● Exercise brief: Each line from the one containing "Мягкое изображение красивого" through the last line of the records is to be repeated exactly, with all pictures left out.

● The data:
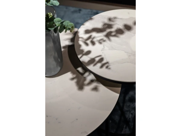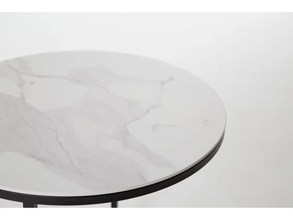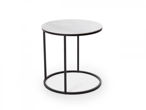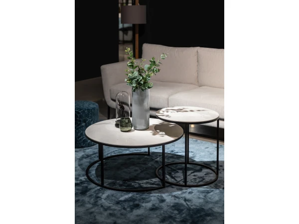 Op zoek naar een bijzettafeltje met een industriële look? Deze salontafel met witte marmerlook en zwarte metalen onderstel is dan een perfecte keuze. Je kan dit tafeltje alleen plaatsen of het kan gecombineerd worden met de grotere versie. Het is mogelijk om ze gedeeltelijk over elkaar te schuiven. Dat vormt ongetwijfeld een mooie eyecatcher in jouw woonkamer.
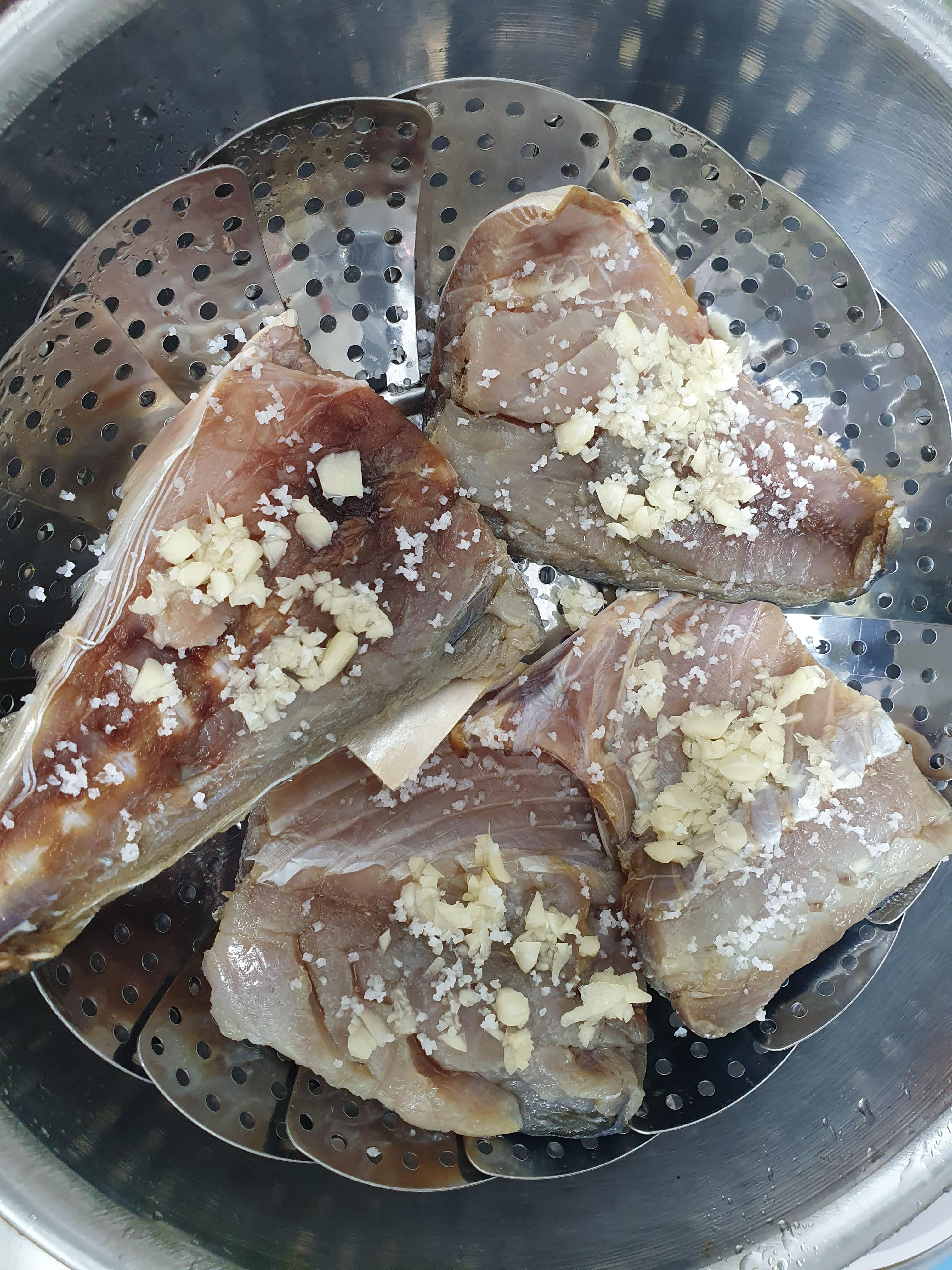 해동된 고등어는 깨끗이 씻어서 마늘과 소금간을 해놓습니다.
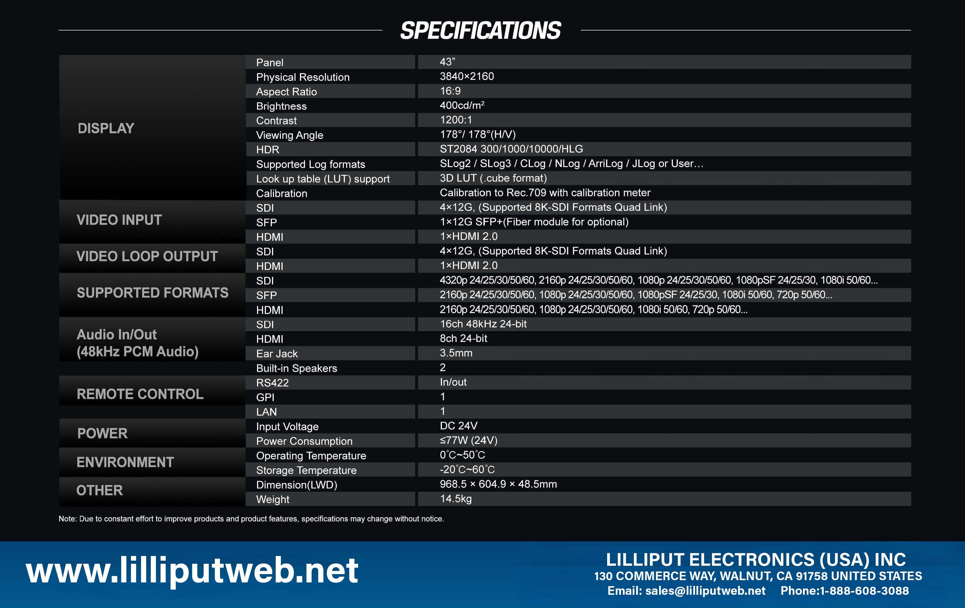 | VIDEO LOOP OUTPUT | SDI | 4×12G (Supported 8K-SDI Formats Quad Link) |
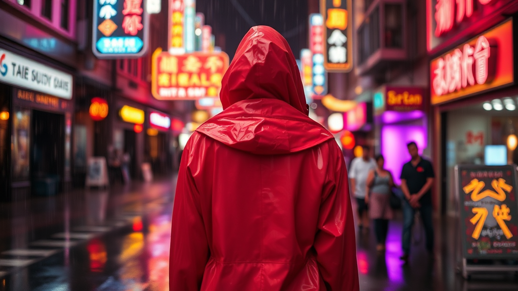 Jessica Alba stands facing away, draped in a vibrant coral raincoat under the drizzling rain. It's nighttime, and the neon lights cast colorful reflections across wet surfaces. Behind her, the bustling streets of Chinatown are alive with glowing signs in a myriad of hues, creating an atmosphere of urban mystery and allure.
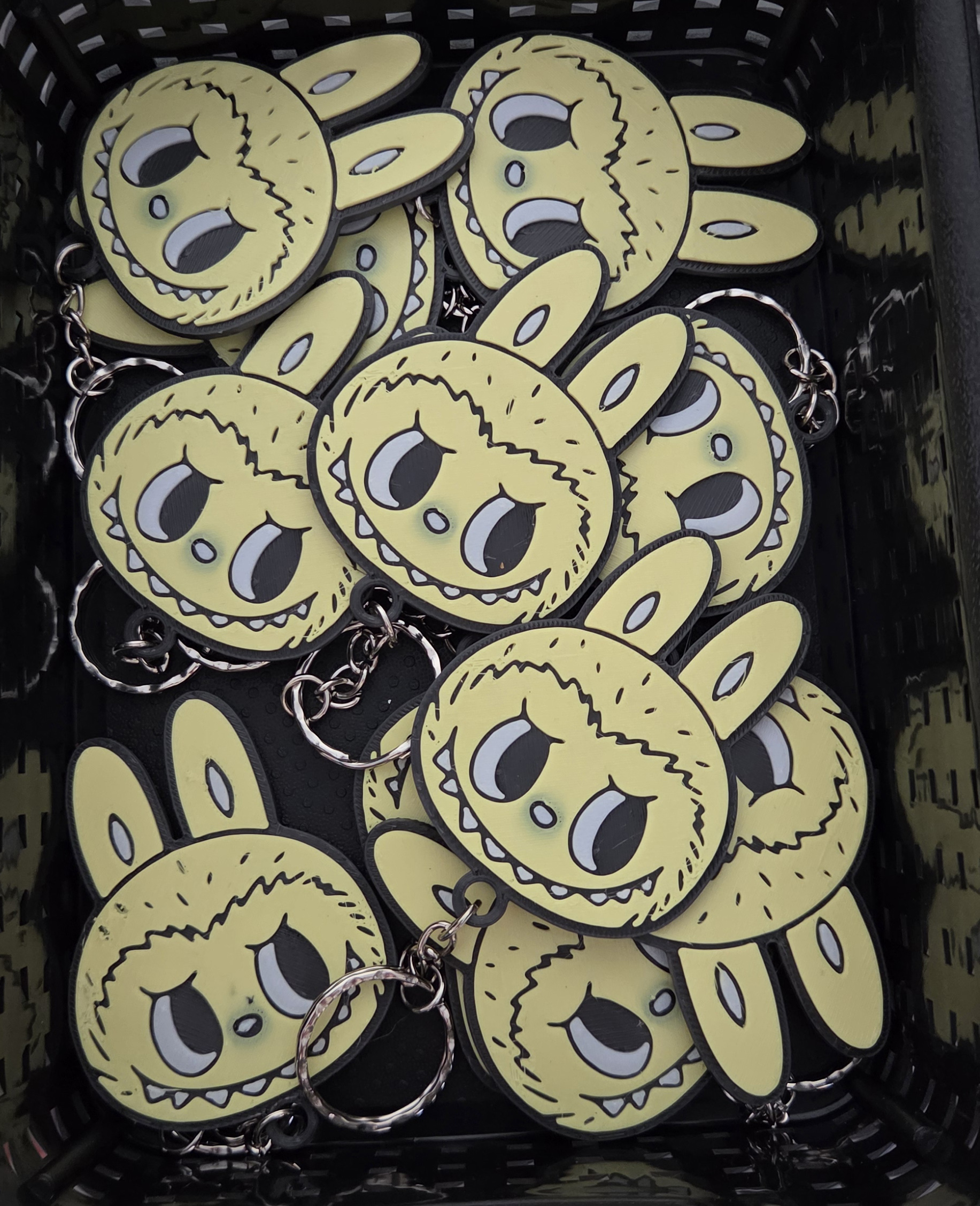 Ces adorables porte-clés en forme de lapin Jaune au sourire espiègle sont réalisés artisanalement en impression 3D dans notre atelier en Belgique.
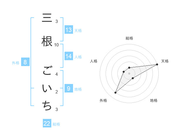三根 ごいちさんを姓名の画数から五運を鑑定
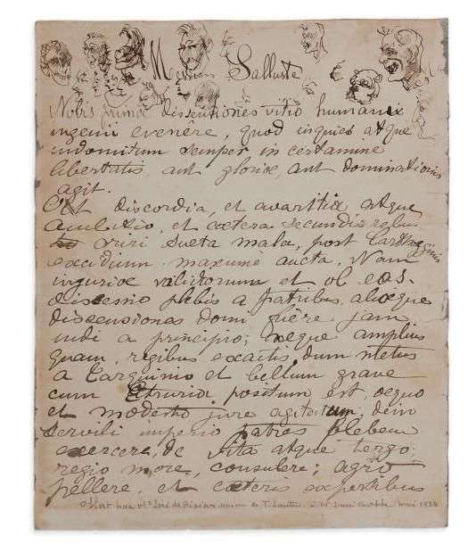 Au recto, devoir de latin avec un texte extrait du livre I des Histoires de Salluste: «Nobis primæ dissentiones vitio humani ingenii evenere»...| dans le haut de la page, 18 petits croquis à la plume: caricatures et têtes d'hommes dont un coiffé d'un casque, deux têtes de chien.
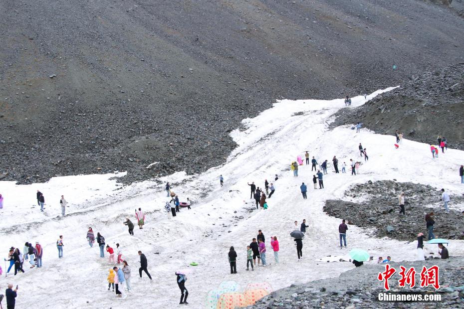 8月初,游客在独库公路边上体验滑雪。中新网
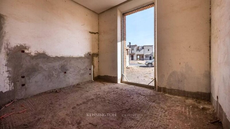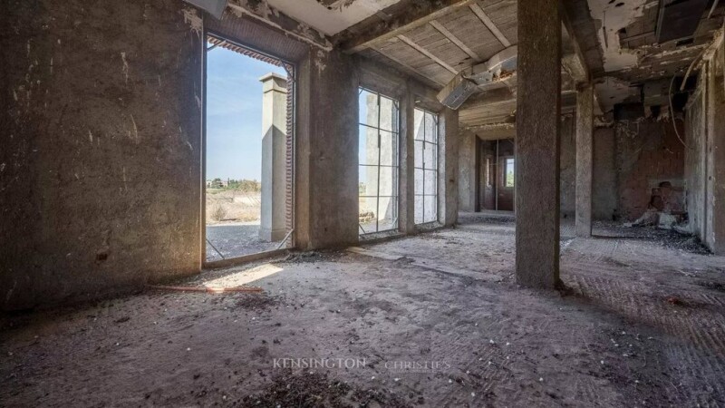 Villa in Shell Form for Sale Through the Purchase of a Reservation Contract Held by a Moroccan Company This villa in shell form offers an unobstructed view of the golf course. It includes 3 bedrooms, each with an en-suite bathroom, a spacious living room and lounge, a kitchen, a staff room, several terraces, and a larger-than-average swimming pool compared to others in the residence.
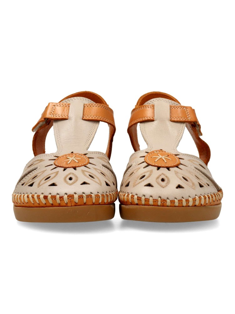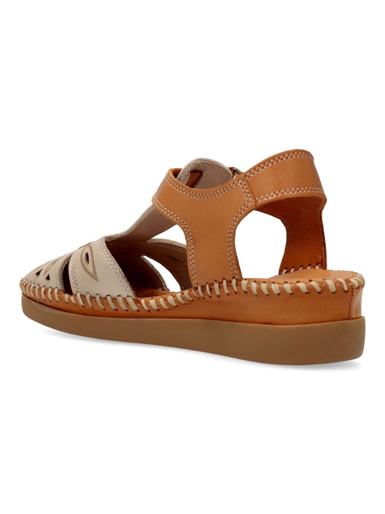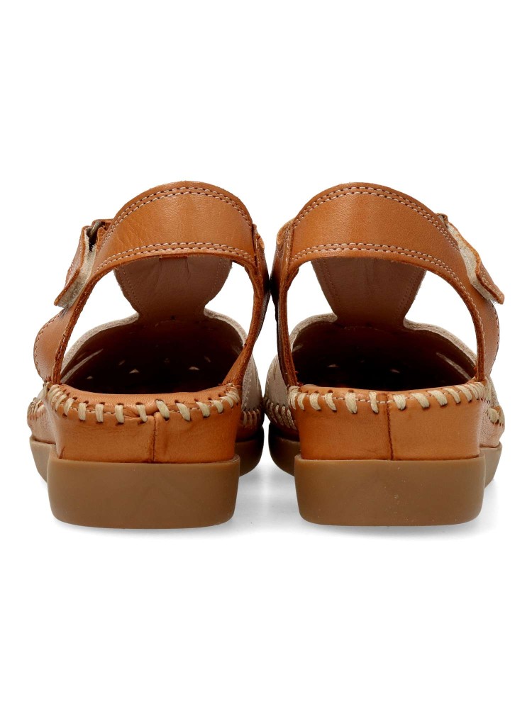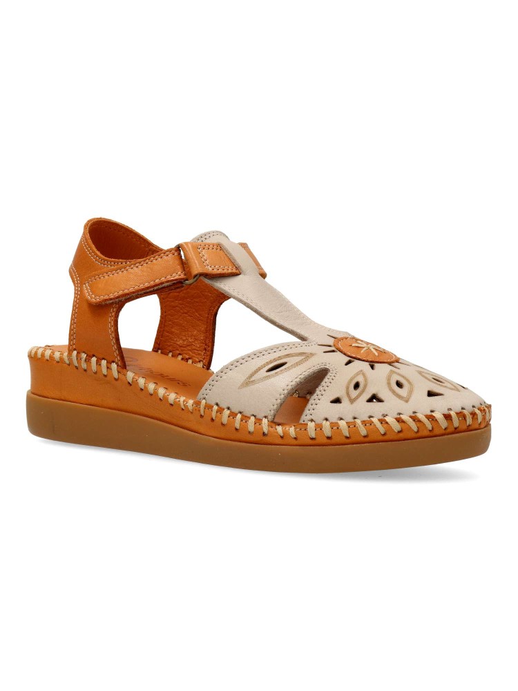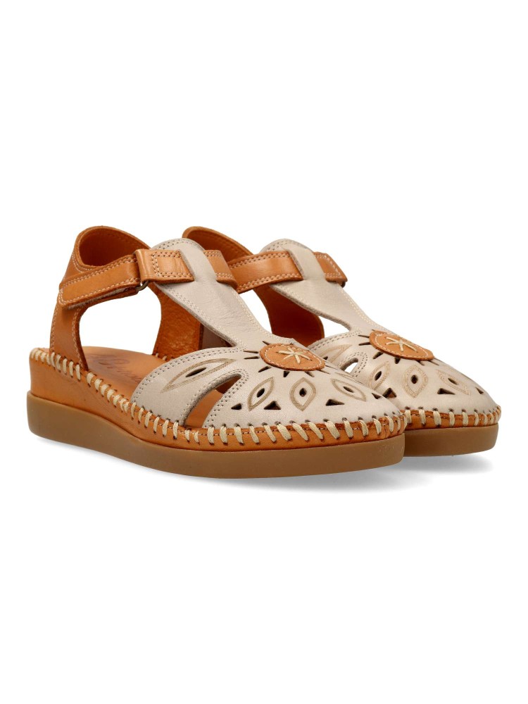 Sandalia de mujer con cierre adherente. Modelo cómodo, fabricado en piel natural troquelada, con suela de goma ligera y flexible. Planta acolchada. Color taupe-cuero. Altura cuña 4,5 cm. Diseño versátil y máximo confort para andar sin limites.
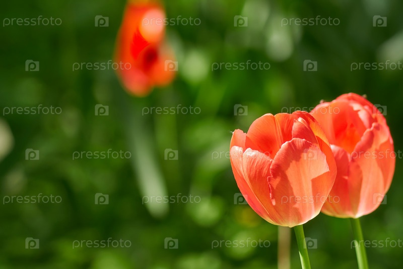 Мягкое изображение красивого красного тюльпана на зеленом фоне боке
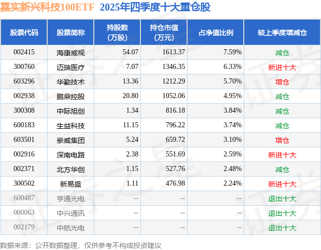 从基金规模来看,嘉实新兴科技100ETF基金2025年四季度公布的基金规模为2.13亿元,较上一期规模2.43亿元变化了-3016.53万元,环比变化了-12.42%。该基金最新一期资产配置为:股票占净值比99.15%,无债券类资产,现金占净值比0.91%。从基金持仓来看,该基金当季前十大股票仓位达42.56%,第一大重仓股为海康威视(002415),持仓占比为7.59%。
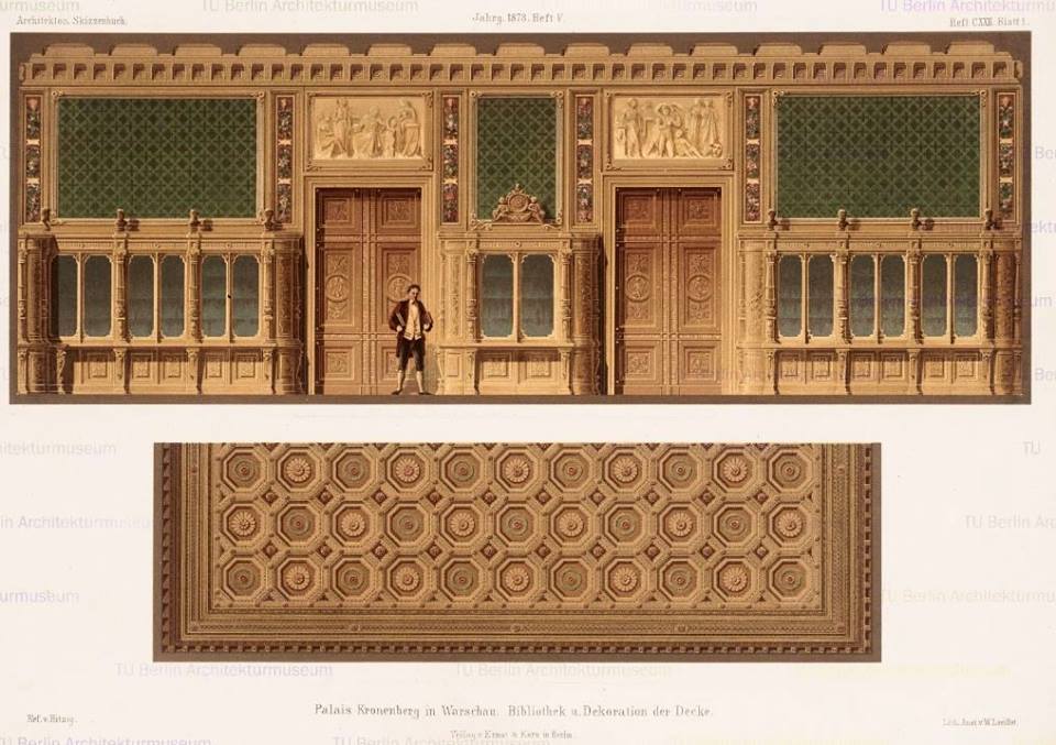 Widok stropu Salonu, znajdującego się na lewo od klatki schodowej na I piętrze. Na środku widoczny plafon z Apollem w rydwanie w otoczeniu muz
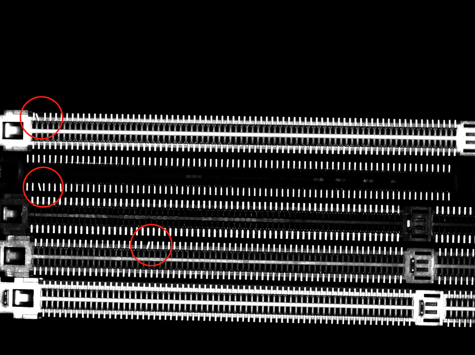 本項目需為客戶提供整套視覺檢測硬件??蛻舻漠a品為電腦卡槽,生產工序需檢測卡槽針腳有無、變形、通過視覺檢測設備,實現自動化識別,減少人力需求和提供工作效率。

● Exercise solution:
 Мягкое изображение красивого красного тюльпана на зеленом фоне боке
 从基金规模来看,嘉实新兴科技100ETF基金2025年四季度公布的基金规模为2.13亿元,较上一期规模2.43亿元变化了-3016.53万元,环比变化了-12.42%。该基金最新一期资产配置为:股票占净值比99.15%,无债券类资产,现金占净值比0.91%。从基金持仓来看,该基金当季前十大股票仓位达42.56%,第一大重仓股为海康威视(002415),持仓占比为7.59%。
 Widok stropu Salonu, znajdującego się na lewo od klatki schodowej na I piętrze. Na środku widoczny plafon z Apollem w rydwanie w otoczeniu muz
 本項目需為客戶提供整套視覺檢測硬件??蛻舻漠a品為電腦卡槽,生產工序需檢測卡槽針腳有無、變形、通過視覺檢測設備,實現自動化識別,減少人力需求和提供工作效率。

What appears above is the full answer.